Escott had a valid point. “I've been shoved against the wall on this kind of business before, and I've learned I can live with it.”

“Uh-huh. But not too happily.”

“Shoe, I know you want to help, but what's going to work best is for me to find the bastard who killed Jewel and make him pay for it. No, I won't be happy afterward, but it'll be better for me than if I did nothing at all.”

“I know what that's like. On the other hand . . .”

“What?”

“Have I told you lately how I really
hate
scraping you off sidewalks?”

“I'm on the lookout. I know who I'm after, and so far they don't know I'm after them.”

“Who would that be?”

“A troublemaker named Hoyle is the odds-on favorite, two idiots named Ruzzo—”

“Oh, God,
them?

“You've met 'em?”

“Yeah. Two brains and not a mind between them. They're stupid, but cunning and faster than rats when they need to be.”

“I won't turn my back on any of them. Hoyle's the favorite for this job.

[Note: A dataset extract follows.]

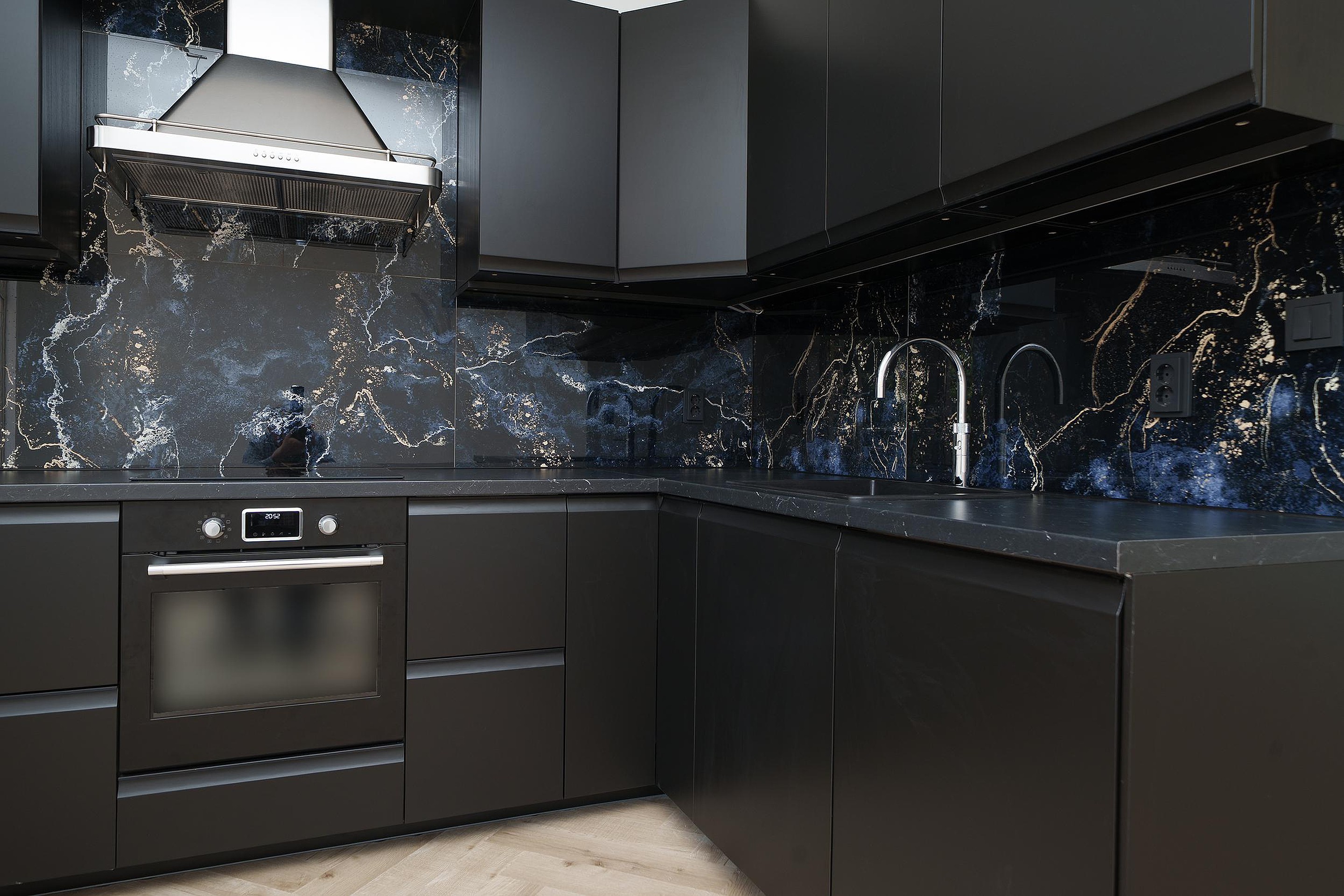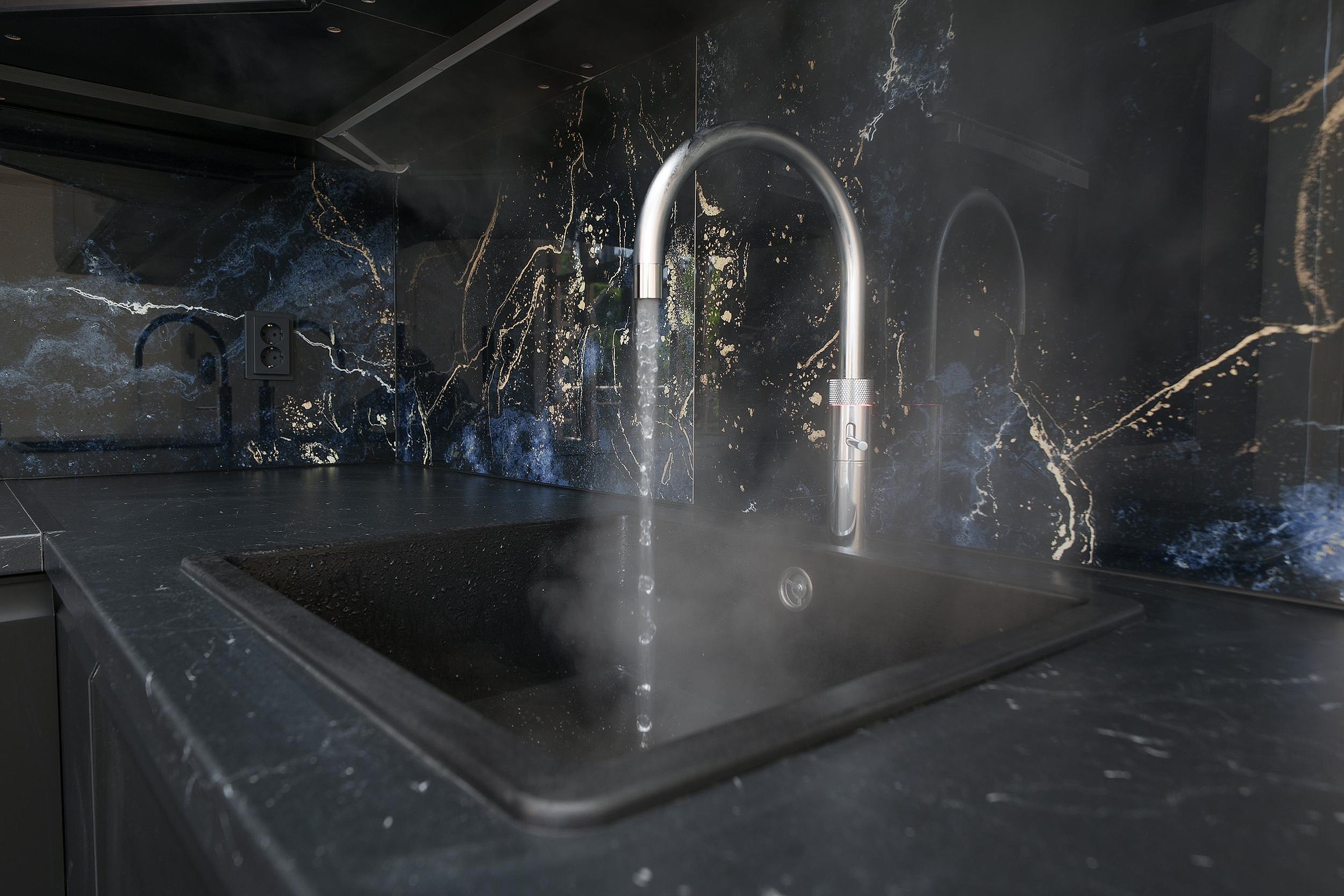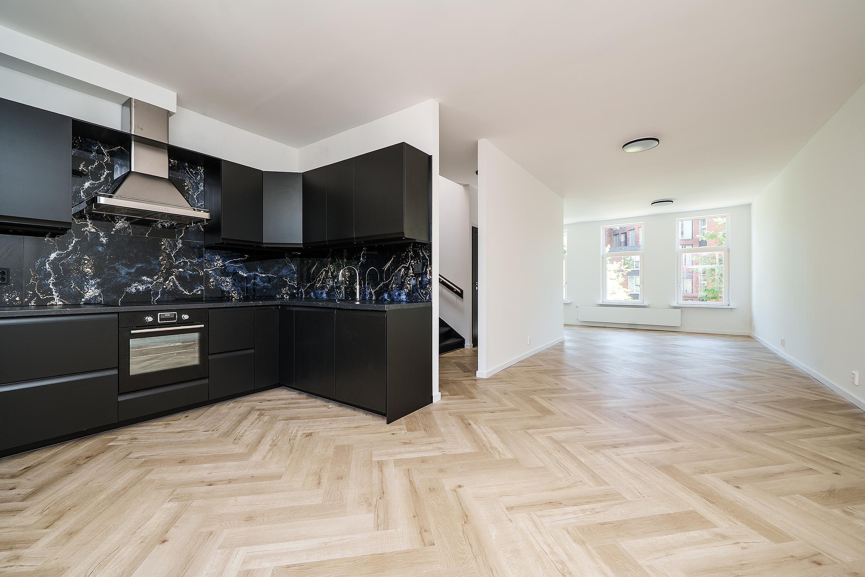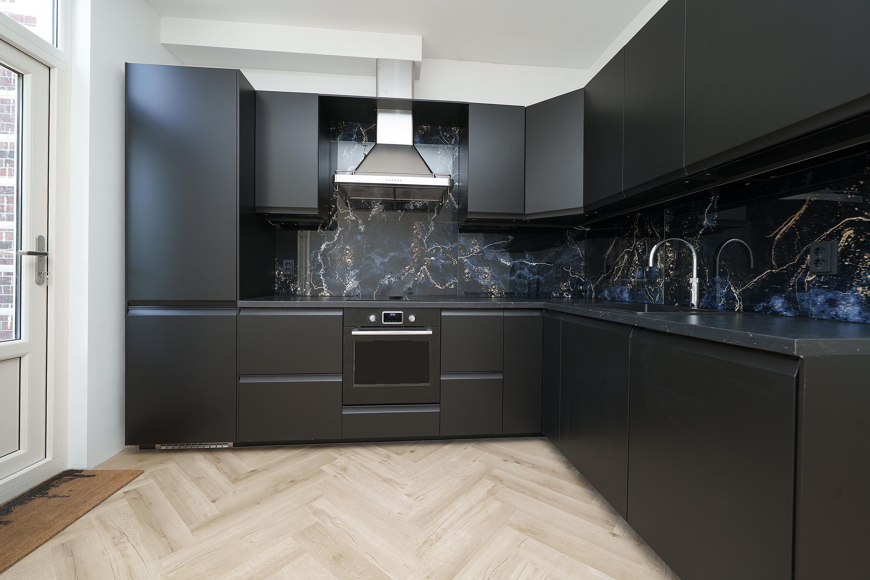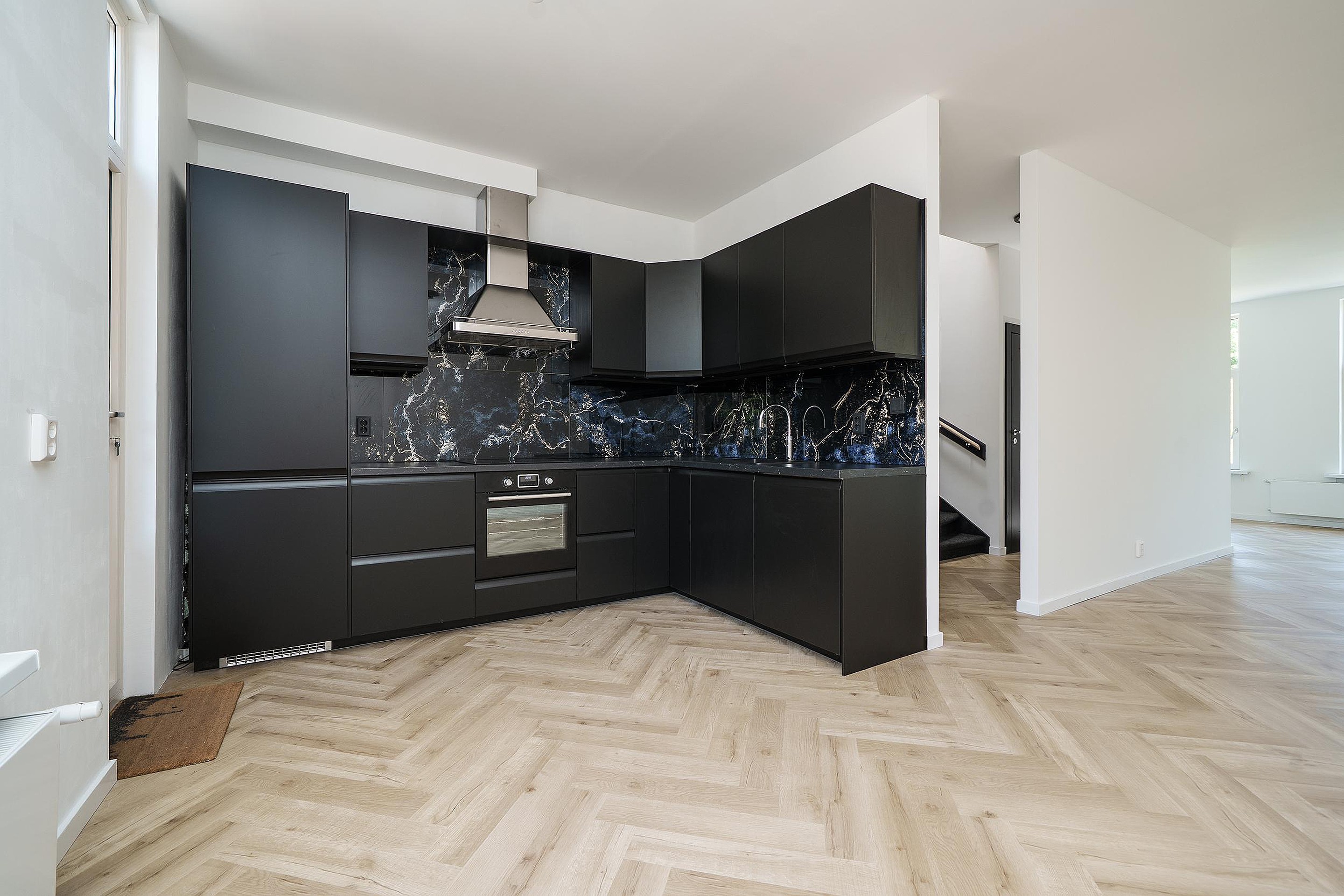 De doorzon woonkamer in L-vorm biedt veel licht dankzij grote raampartijen aan zowel de voor- als achterkant. De half open keuken ligt aan de achterzijde en vormt met zijn luxe zwarte afwerking en inbouwapparatuur een echte eyecatcher. De keuken is voorzien van een Quooker, vaatwasser, koelkast, vriezer, oven en kookfornuis met afzuiginstallatie. Het natuursteenlook spatblad geeft de keuken een luxe uitstraling.

I gotta find him, ask a few questions, then make a decision.”

“As in just how to bump him?”

“You reading minds?”

He shrugged. “I've been doing this a while.”

“With any luck I'll settle it tonight, then we can try
and”—I almost said “forget it” but that wasn't going to happen—“get back to what passes for normal around here.”

“Yeah, my guys are getting their noses out of joint for all the extra marching around in the weather.”

“Listen, I don't want you putting yourself out—”

“Forget it, it's good for them. Walk some of the fat off their shanks. They're keeping a sharp watch on Gordy. There's no white people come within a hundred yards of this neighborhood we don't know about. He'll stay safe.”

“I appreciate it, Shoe.”

“It's good for business to look out for him,” he said.

I didn't gainsay. If that's what Coldfield had to put about to seem to have a tough, practical front for his troops, then I was all for it.

“That movie star mutt of yours looks like he's tugging at the leash.”

Kroun had begun to pace up and down a few times, looking my way impatiently.

“If he's cold, why doesn't he get in the damn car?” Coldfield asked.

“Probably thinks I'll forget him if he's out of sight. I better go.”

“All right, but watch yourself. I'm fresh out of brooms and scrapers.”

I walked toward the car, the wind picking up and pushing at my back. Kroun saw my approach, putting on an “it's about damn time” face. He dropped into the front seat and hauled the passenger door smartly shut.

It made a hell of a lot louder noise than it should have. Rather than a metallic bang, there was a deafening
krump
, then it was like the sound itself slammed me in the chest. I was hurled backward, right off my feet, not understanding why. I glimpsed smoke suddenly blacking the windows of
the Caddy on the
inside
before I hit the pavement. Some instinct told me to keep rolling. Each time I saw the car a different view presented itself.